5.2. We also find that the issue regarding non-taxability of Rs.4,27,43,000/- by treating the same as capital receipt for the purpose of Section 115JB of the Act though not claimed before the lower authorities by the assessee, is being claimed for the first time before this Tribunal. We find that this is purely a legal issue and does not involve verification of any facts and hence, the same can be claimed for the first time before this Tribunal. Reliance in this regard is placed on the decision of Hon’ble Supreme Court in the case of NTPC Ltd., reported in 229 ITR 383 and CIT vs. Sinhgad Technical Education Society reported in 397 ITR 344 and the decision of Hon’ble Jurisdictional High Court in the case of CIT vs. Pruthvi Brokers and Shareholders Pvt Ltd., reported in 349 ITR 336 (Bom). We also find that the Hon’ble Calcutta High Court in the case of PCIT vs. Ankit Metal and Power Ltd., reported in 109 Taxmann.com 93 dated 09/07/2019 had specifically held that where the receipt is not in nature of income, it cannot be included in book profits u/s.115JB of the Act. The relevant portion of the said judgment is reproduced hereinabove.

“26. Now the second issue which requires adjudication is as to whether the aforesaid incentive subsidies received by the assessee from the Government of West Bengal under the schemes in question are to be included for the purpose of computation of book profit under Section 115 JB of the Income Tax Act, 1961 as contended by the revenue by relying on the decision in the case of Appollo Tyres Ltd. (supra).

27. In this case since we have already held that in relevant assessment year 2010­11 the incentives ‘Interest subsidy’ and ‘Power subsidy’ is a ‘capital receipt’ and does not fall within the definition of ‘Income’ under Section 2(24) of Income Tax Act, 1961 and when a receipt is not on in the character of income it cannot form part of the book profit under Section 115JB of the Act, 1961. In the case of Appollo Tyres Ltd. (supra) the income in question was taxable but was exempt under a specific provision of the Act as such it was to be included as a part of the book profit.

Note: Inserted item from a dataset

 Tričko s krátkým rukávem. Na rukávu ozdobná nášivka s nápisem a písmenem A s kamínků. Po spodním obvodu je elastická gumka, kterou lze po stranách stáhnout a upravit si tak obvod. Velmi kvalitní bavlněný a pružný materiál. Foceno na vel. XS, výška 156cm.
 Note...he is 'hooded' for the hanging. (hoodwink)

But where a receipt is not in the nature of income at all it cannot be included in book profit for the purpose of computation under Section 115JB of the Income Tax Act, 1961. For the aforesaid reason, we hold that the interest and power subsidy under the schemes in question would have to be excluded while computing book profit under Section 115 JB of the Income Tax Act, 1961.”

5.3. Respectfully following the Co-ordinate Bench decision of JSW Ltd., and the decision of the Hon‟ble Calcutta High Court in the case of Ankit Metal and Power Ltd., referred to supra, we hold that the sum of Rs. 4,27,43,000/- to be a capital receipt and not liable to tax while computing books profits u/s.115JB of the Act. Accordingly, the ground Nos. 2 & 3 raised by the assessee are allowed.

6. In the result, appeal of the assessee is allowed in part.

Order pronounced on 17/02/2021 by way of proper mentioning in the notice board.